Requires-Dist: polars>=1.30; extra == "dev"
Requires-Dist: pre-commit>=3.4; extra == "dev"

# d100_d400_income_predict

## Overview

This repository provides a reproducible Docker environment pre-configured with everything needed to run the GLM and LGBM models for predicting high income basaed on the 1994 US census dataset.

The main analysis can be found at: `src/notebooks/final_report.ipynb`

There is are other sub-analysis files, they are:
- `src/tests/benchmark_pandas_polars.py` script that highlights the performance differences between Polars and Pandas on loading and cleaning the dataset.
- `src/notebooks/eda_cleaning.ipynb` exploratory data analysis. Lots more charts and info on how and why certain decisions were made in building the models.

## Installation

There are two ways to install and run:
    - Directly from PyPI as a package (easiest)
    - Docker container (most robust, recommended for development)

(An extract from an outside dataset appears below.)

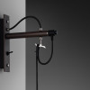 anheng med matt sorte gummidetaljer. En solid krok gjør at anhenget kan hektes på lyset og kabellengden tilpasses. Lyset kommer med en liten skjerm laget av grafitt pulverlakkert metall og ferdig med skruer i fargen man velger. Denne vegglampen kan kobles inn i veggen eller utstyres med en utenpåliggende kabel og kontakt.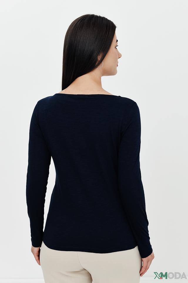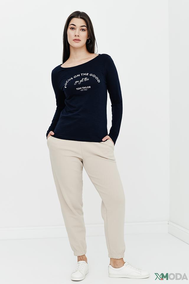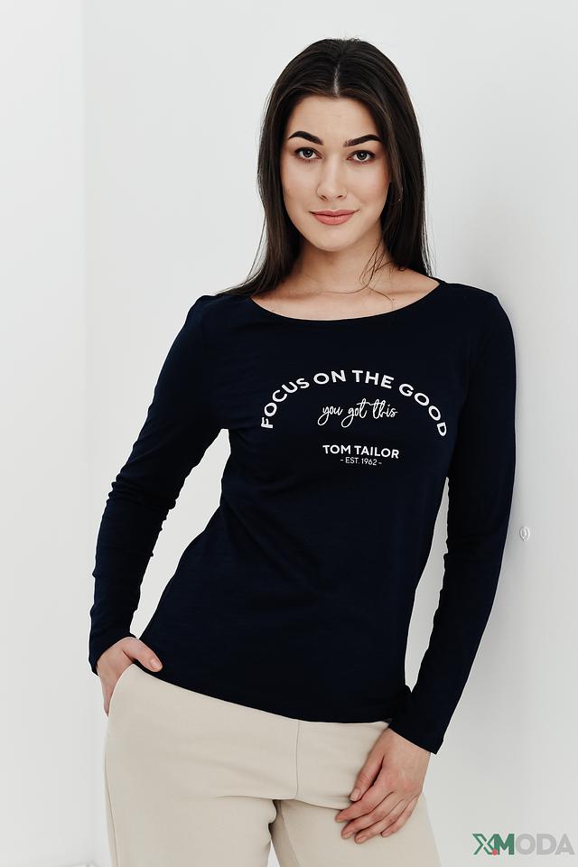 Женский лонгслив Tom Tailor темно-синего цвета с оригинальным принтом "FOCUS ON THE GOOD". Изготовлен из мягкого и приятного к телу хлопка, обеспечивающего комфорт в течение всего дня. Стильное и удобное решение для повседневного гардероба. Состав: хлопок 100%

### Install and Run - Method 1, PyPI

#### 1. Install the package

`pip install income_predict_d100_d400`

#### 2. Run the Pipeline

`python -m income_predict_d100_d400.training_pipeline`

or create a your own file and import income_predict_d100_d400:
```
from income_predict_d100_d400.data import run_data_fetch_pipeline
from income_predict_d100_d400.cleaning import run_cleaning_pipeline
from income_predict_d100_d400.evaluation import run_evaluation
from income_predict_d100_d400.model_training import (
    TARGET,
    load_training_outputs,
    run_split,
    run_training,
)

print("Starting Pipeline...")

file_path = run_data_fetch_pipeline()
df_raw = pd.read_parquet(file_path)
run_cleaning_pipeline(df_raw)
run_split()
run_training()

results = load_training_outputs()

run_evaluation(
    results["test"],
    TARGET,
    results["glm_model"],
    results["lgbm_model"],
    results["train_X"],
)

print("Pipeline finished.")
```

### Install and Run - Method 2, Docker

#### 1. Download and install Docker Desktop (if you don't have it already)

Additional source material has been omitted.